Y COMIENZAN A ESCASEAR LAS EXISTENCIAS

Al inicio de las obras de la Sagrada Familia, en 1882, se usó la piedra de Montjuïc para iniciar la cripta. Cuando el año siguiente Gaudí asume la dirección, pide que el edificio se siga construyendo con la piedra de la ciudad, con la que se comenzó a construir el ábside y la fachada del Nacimiento.

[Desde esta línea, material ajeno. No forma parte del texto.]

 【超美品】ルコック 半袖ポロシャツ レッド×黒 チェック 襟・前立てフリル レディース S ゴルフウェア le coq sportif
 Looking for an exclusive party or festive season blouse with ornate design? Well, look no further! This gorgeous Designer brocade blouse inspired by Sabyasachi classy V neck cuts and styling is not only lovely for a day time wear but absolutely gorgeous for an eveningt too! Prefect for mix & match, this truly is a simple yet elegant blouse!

Sin embargo, en torno al año 1954, cuando se inicia el proyecto de la fachada de la Pasión, la escasez de la piedra de Montjuïc comienza a hacerse patente, sobre todo cuando a partir del año 1957 se detuvo de forma repentina y definitiva la explotación de las canteras. Desde ese momento, la utilización de esta roca quedó limitada a las existencias que se almacenaban en los alrededores de las antiguas explotaciones y también de los constantes desprendimientos. De este modo, para disponer de la piedra necesaria para alzar esta fachada, se solicitó al Ayuntamiento la adquisición de 36.000 m3 de esta piedra.

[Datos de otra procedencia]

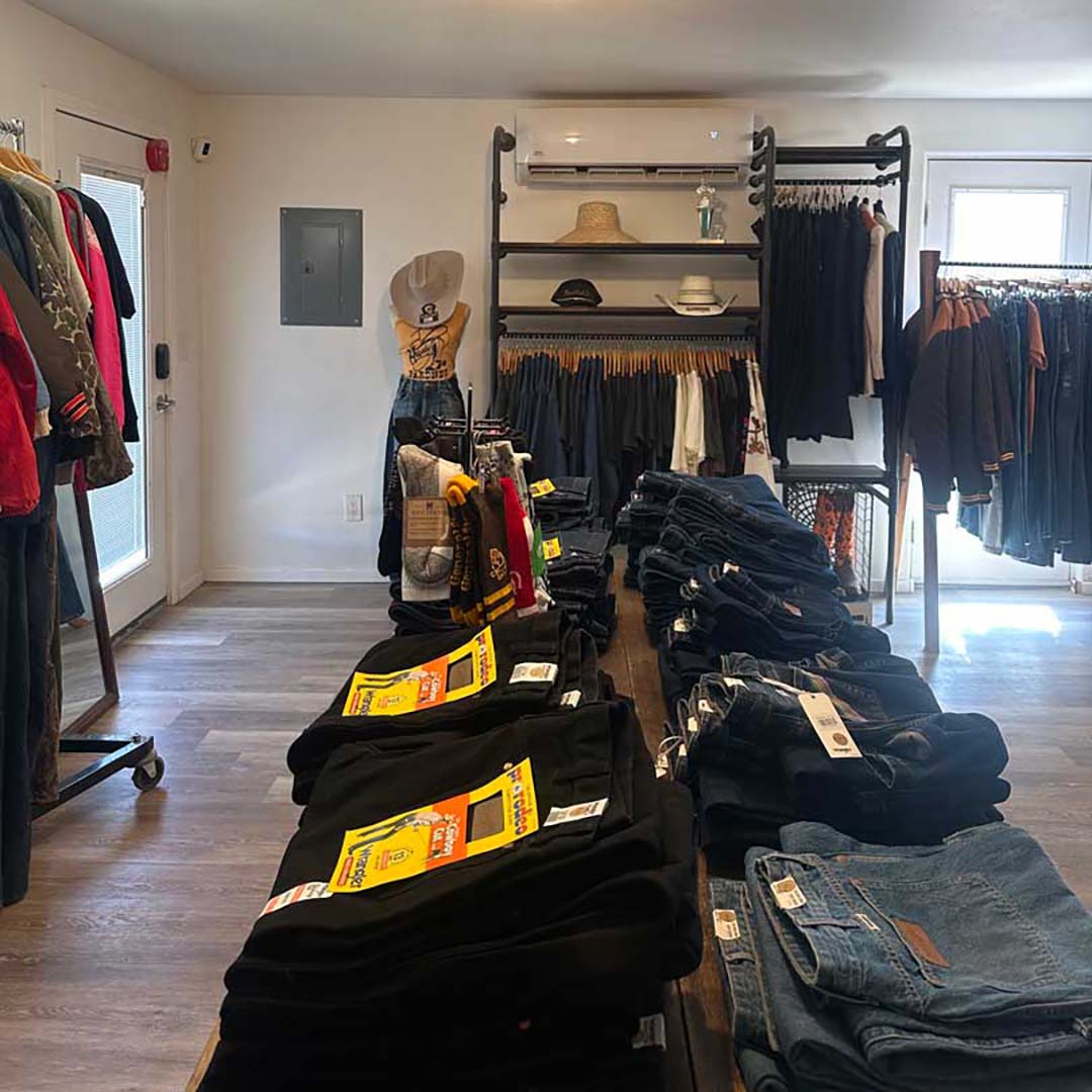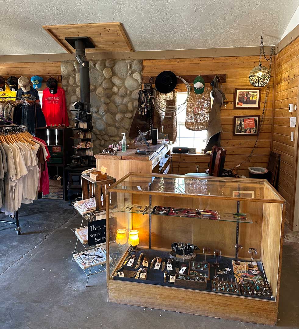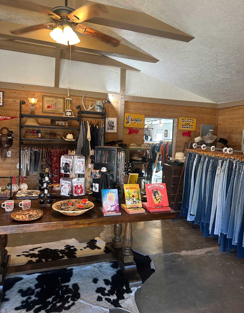 Vintage, western wear, boots, jewelry, hats, belts, and locally made souvenirs and gifts.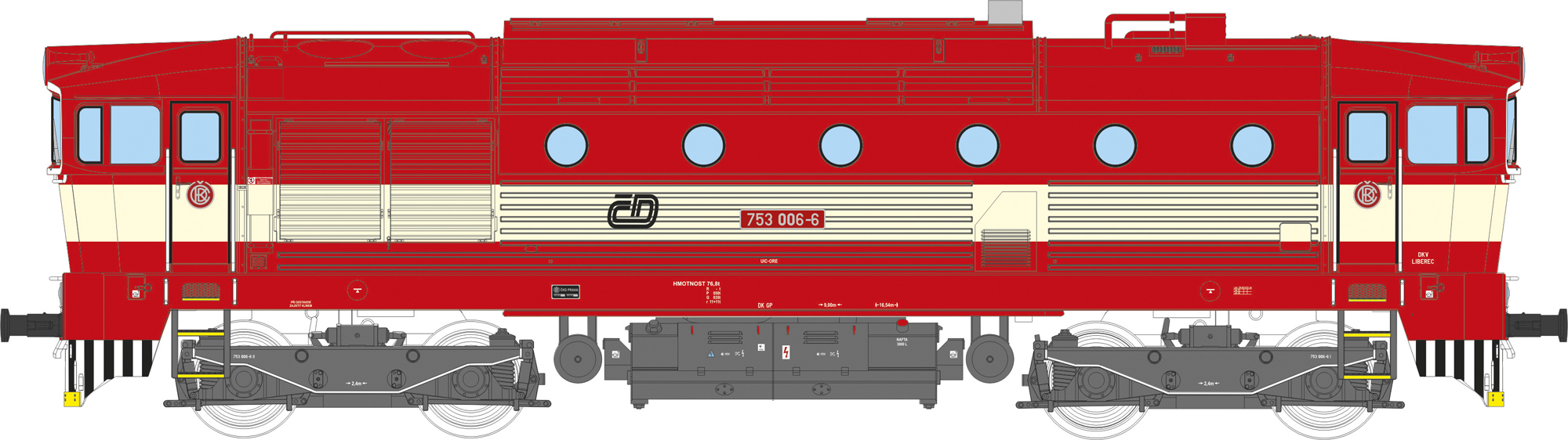 měřítko 1:120 - rozchod kolejí 12 mm osvětlení - 3 reflektory vpředu, 2 světla vzadu, přepínatelné podle směru jízdy 4 hnané nápravy 2 bandážované nápravy kinematika krátkého spřáhla (KKK) podle normy NEM 358 digitální rozhraní podle NEM 662 s konektorem Next18 setrvačník 138 mm - celková délka modelu přes nárazníky 4 - celkový počet náprav nebo rozložení náprav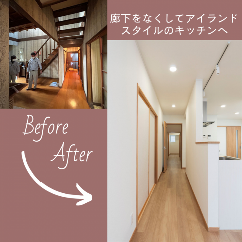 廊下を無くしてアイランドスタイルのキッチンへ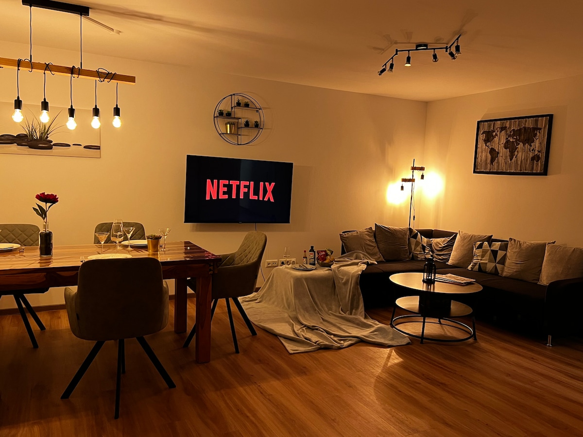 To stylowe mieszkanie oferuje idealne połączenie komfortu i centralnej lokalizacji. W zaledwie 15 minut spacerem dotrzesz do centrum miasta, a przystanek kolejowy jest oddalony o 2 minuty. Prywatny parking jest bezpośrednio częścią nieruchomości. Stałe miejsce pracy z szybkim internetem umożliwia produktywną pracę. Kuchnia jest w pełni wyposażona, a łóżko sprężynowe 1,40 m i telewizor Smart TV (Netflix, DAZN, YouTube) zapewniają relaks. Niezbędne rzeczy, takie jak pościel, są wliczone w cenę.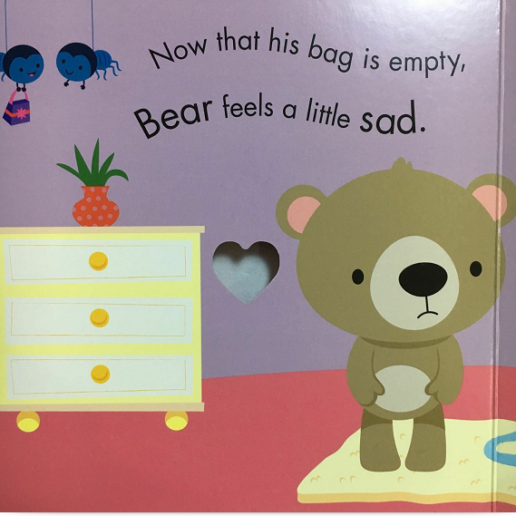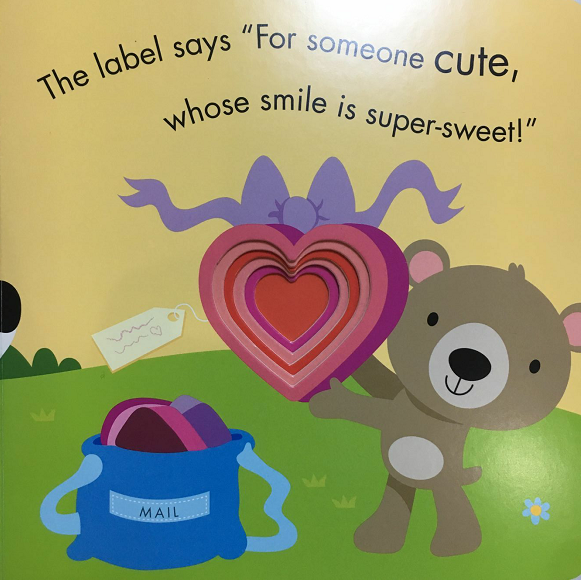 这是一个温暖的故事。封面标题是大大的KISS和一个富有立体感的心形,远远看去,好像是跳动的心房。可爱的动物,清新的画面,甜美的故事……到处都流露出暖人心房的爱意。这是一本富有创意的绘本。封面层层重叠的心形,在每一个开页里面都会变成不同的礼物。书中字体的设计也是富有心机,动物和礼物的单词都被放大,别致弧形的排列仿佛小动物们愉悦的心情。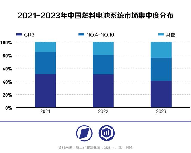 從燃料電池系統(tǒng)廠商裝機(jī)量來看,配套燃料電池汽車超過100臺的有15家,超過50臺的有23家,多達(dá)18家系統(tǒng)廠商配套數(shù)量不足10臺,也反映出國內(nèi)燃料電池市場集中度仍然較高,頭部企業(yè)享有更多訂單優(yōu)勢和規(guī)?;б?。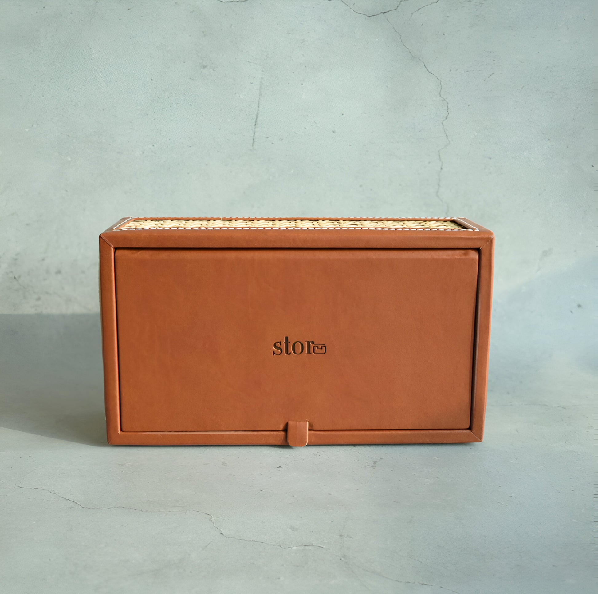 Tan Brown PU Leather & Rattan Tissue Box - Rectangle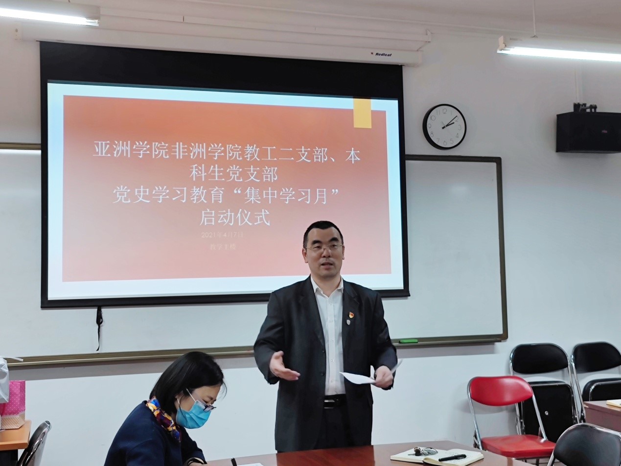 2021年4月7日,beat365英国官网、非洲学院党总支举办党史学习教育“集中学习月”启动仪式暨第一次集中学习活动。党总支书记许晔、非洲学院院长李洪峰、教工二支部及本科生支部三十多名同志参加了主会场活动。教工一支部、研究生党支部在各自的分会场开展学习。

La siguiente gran adquisición de piedra de Montjuïc fue en el año 1988, cuando el Ayuntamiento de Barcelona cedió a la Sagrada Familia unos 1.000 m3 de piedra de muy buena calidad que procedía de la remodelación del antiguo Estadio Olímpico, donde se excavó para reducir la vuelta atlética de los 500 a los 400 m de perímetro, ganando cabida y grada.

TREINTA AÑOS REAPROVECHANDO LA PIEDRA

El ladrillo cerámico, mucho más económico que la piedra, fue desbancando el uso de la piedra, pero el constructor tradicional siguió prefiriendo durante muchos años hacer los zócalos y las primeras hiladas de los edificios importantes con la piedra de la ciudad. Este hecho es lo que ha permitido, años más tarde, en el momento del derribo de estos edificios, que desde la Sagrada Familia se plantee el reciclaje de su piedra. Un ejemplo del reciclaje de esta piedra es el aprovechamiento de los zócalos de los antiguos edificios militares en la calle de Wellington, cuando se derribaron para construir la Universidad Pompeu Fabra. También se ha reciclado piedra del edificio de Miramar de Montjuïc, de las obras de la zona del Sot del Migdia, cerca del Anillo Olímpico, y de los jardines y entornos del Jardín Botánico de Barcelona. Otro ejemplo de reciclaje de piedra se produjo cuando se abrió la nueva bocana del Puerto Viejo de la ciudad, ya que sus espigones también estaban construidos con esta estimada piedra.

El frente de la montaña que queda más cerca del mar, la zona del Morrot, también ha facilitado piedra al templo, pese a que, en este caso, se trata de las variedades de tonos más rojizos y morados, que a menudo destacan excesivamente y que conviene dosificar con cautela.

Procedente de ubicaciones diversas, desde el año 1988 la Sagrada Familia ha ido adquiriendo piedra del Montjuïc para reutilizarla. Prácticamente cada año se ha dispuesto de nuevo material, pero cada vez se ha ido reduciendo más el volumen de la piedra debido al agotamiento de las existencias. Por ello, la poca piedra de la que aún se dispone se reserva para obras de mayor compromiso, como las de restauración de la obra antigua.

Así pues, esta montaña, que durante más de dos milenios ha sido explotada de forma intensiva, se ha convertido en un pulmón para la ciudad y una zona recreativa, con equipamientos culturales, deportivos y para disfrutar de la naturaleza.

La Sagrada Familia tiene el privilegio de ser probablemente el último edificio que se está construyendo con la piedra de la ciudad. Ahora ya se puede afirmar que no se ha descubierto, en todo el mundo, ninguna que tenga características idénticas a la piedra del Montjuïc.